Further, every real division algebra $A$ that is algebraic and power-associative (this means that every subalgebra generated by one element is associative) is automatically quadratic.

Indeed, if $x \in A$ then there exists a nonzero polynomial $\map f X \in \R \sqbrk X$ such that $\map f x = 0$.

Writing $\map f X$ as the product of linear and quadratic polynomials in $\R \sqbrk X$ it follows that $\map p x = 0$ for some $\map p X \in \R \sqbrk X$ of degree $1$ or $2$.

In particular, algebraic alternative (and hence associative) real division algebras are quadratic.

Finally, if $A$ is a real unital algebra, that is, an algebra over $\R$ with unity $1$, then we shall follow a standard convention and identify $\R$ with $\R 1$.

Thus we shall write $\lambda$ for $\lambda 1$, where $\lambda \in \R$.


Lemma 1

Let $\struct {A, \oplus}$ be a quadratic real algebra.


Then:

$\quad U = \set {u \in A \setminus \R: u^2 \in \R} \cup \set 0$

is a linear subspace of $A$.

$\Box$


Lemma 2

Let $\struct {A, \oplus}$ be a quadratic real algebra.


Then:

$\forall u, v \in U: u v + v u \in \R$

$\Box$


Lemma 3

Let $\struct {A, \oplus}$ be a quadratic real algebra.


Then:

$A = \R \oplus U$

$\Box$


Lemma 4

Let $\struct {A, \oplus}$ be a quadratic real algebra.

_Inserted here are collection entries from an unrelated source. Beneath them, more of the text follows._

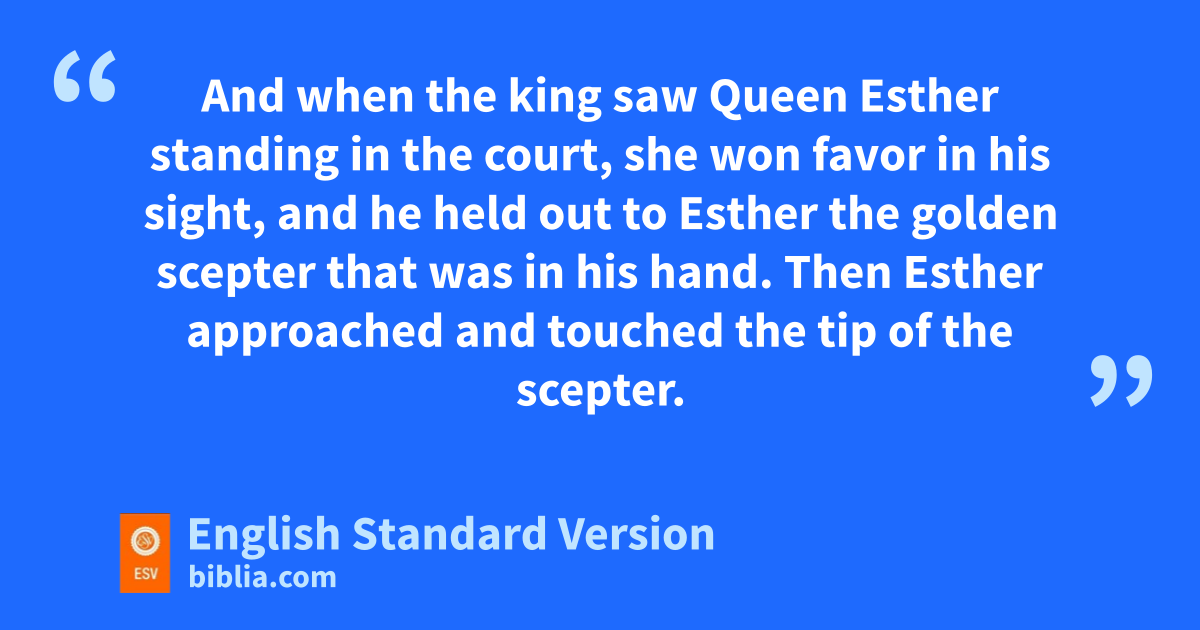 5 yOn the third day Esther put on her royal robes and stood in zthe inner court of the king’s palace, in front of the king’s quarters, while the king was sitting on his royal throne inside the throne room opposite the entrance to the palace. 2 And when the king saw Queen Esther standing in the court, ashe won favor in his sight, band he held out to Esther the golden scepter that was in his hand. Then Esther approached and touched the tip of the scepter. 3 And the king said to her, “What is it, Queen Esther? What is your request? It shall be given you, even cto the half of my kingdom.” 4 And Esther said, “If it please the king,1 let the king and Haman come today to a feast that I have prepared for the king.” 5 Then the king said, “Bring Haman quickly, so that we may do as Esther has asked.” So the king and Haman came to the feast that Esther had prepared. 6 dAnd as they were drinking wine after the feast, the king said to Esther, e“What is your wish? It shall be granted you. And what is your request? cEven to the half of my kingdom, it shall be fulfilled.”2 7 Then Esther answered, “My wish and my request is: 8 fIf I have found favor in the sight of the king, and if it please the king3 to grant my wish and fulfill my request, let the king and Haman come to gthe feast that I will prepare for them, and tomorrow I will do as the king has said.”
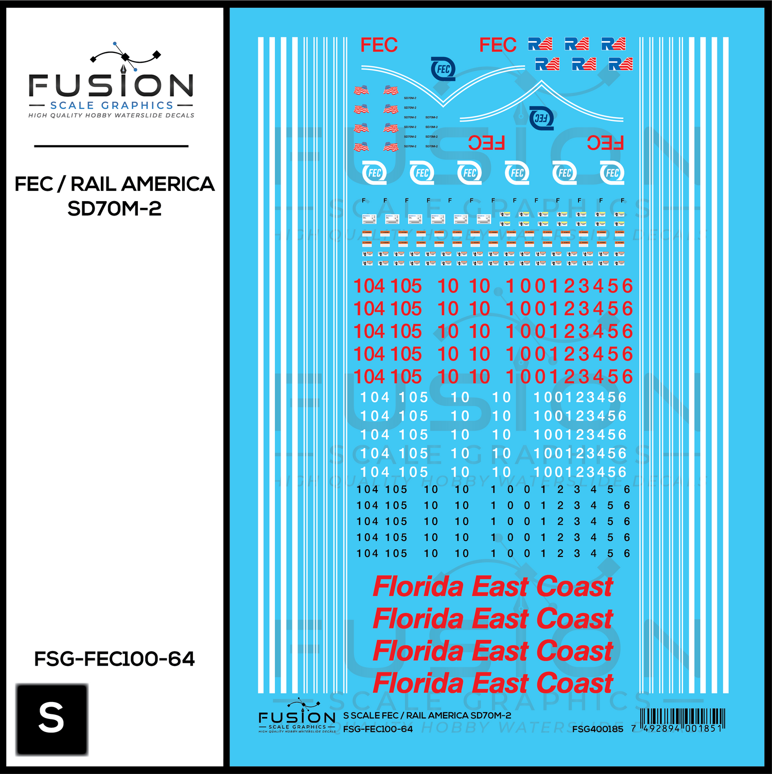 S Scale Florida East Coast/Rail America EMD SD70M-2 Locomotive Decal Set may be made to order and will ship within our normal processing time if its not in stock.
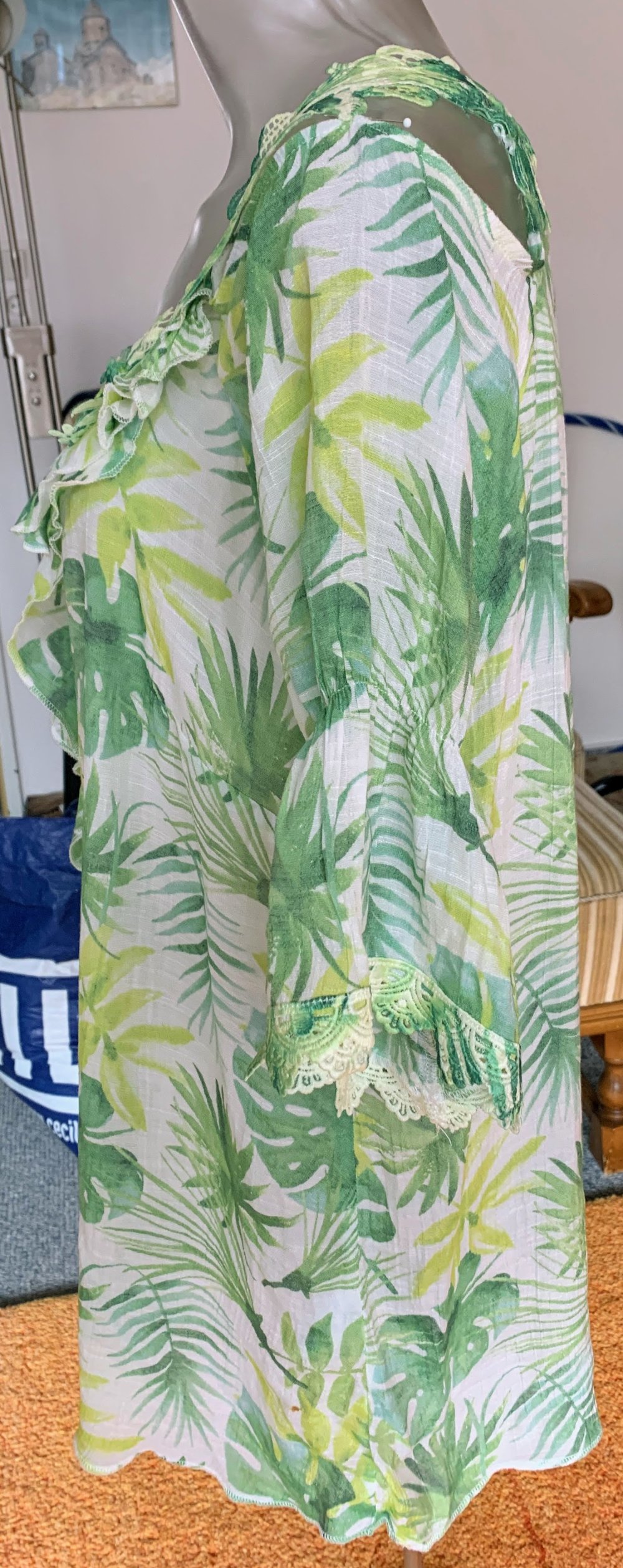 Zauberhafte Tunika im romantischen Spitzendesign von Laura Torelli. Der V-Ausschnitt ist mit feiner Spitze verziert, während die Rüschen und die lockere, figurumspielende Passform dem Kleid einen femininen und verspielten Look verleihen.

If $A$ is also a division algebra, then every non-zero $u \in U$ can be written as $u = \alpha v$ with $\alpha \in \R$ and $v^2 = -1$.

$\Box$


Lemma 5

Let $A$ be a quadratic real division algebra.

Let:

$U = \left\{{u \in A \setminus \R: u^2 \in \R}\right\} \cup \left\{{0}\right\}$

where $\setminus$ denotes set difference.

Suppose $e_1, \ldots, e_k \in U$ are such that:

$\forall i \le k: e_i^2 = -1$
$\forall i, j \le k, i \ne j: e_i e_j = -e_j e_i$


If $U$ is not equal to the linear span of $e_1, \ldots, e_k$, then there exists $e_{k+1} \in U$ such that:

$e_{k+1}^2 = -1$
$\forall i \le k: e_i e_{k+1} = -e_{k+1} e_i$

$\Box$


We have from above that $A$ is quadratic.

We may assume that $n = \dim A \ge 2$.

By Lemma 4 we can fix $i \in A$ such that $i^2 = -1$.

Thus, $A \cong \C$ if $n = 2$.

Let $n > 2$.

By Lemma 5:

$\exists j \in A: j^2 = -1, i j = -j i$

Set $k = ij$.

It can immediately be checked that:

$k^2 = -1$
$k i = j = -i k$
$j k = i = -k j$
$\set {i, j, k}$ is a linearly independent set.

Therefore $A$ contains a subalgebra isomorphic to $\Bbb H$.


Finally, suppose $n > 4$.

By Lemma 5 there would exist $e \in A, e \ne 0$ such that:

$(a): \quad e i = -i e$
$(b): \quad e j = -j e$
$(c): \quad e k = -k e$

However, from $(a)$ and $(b)$ it follows that $e i j = -i e j = i j e$.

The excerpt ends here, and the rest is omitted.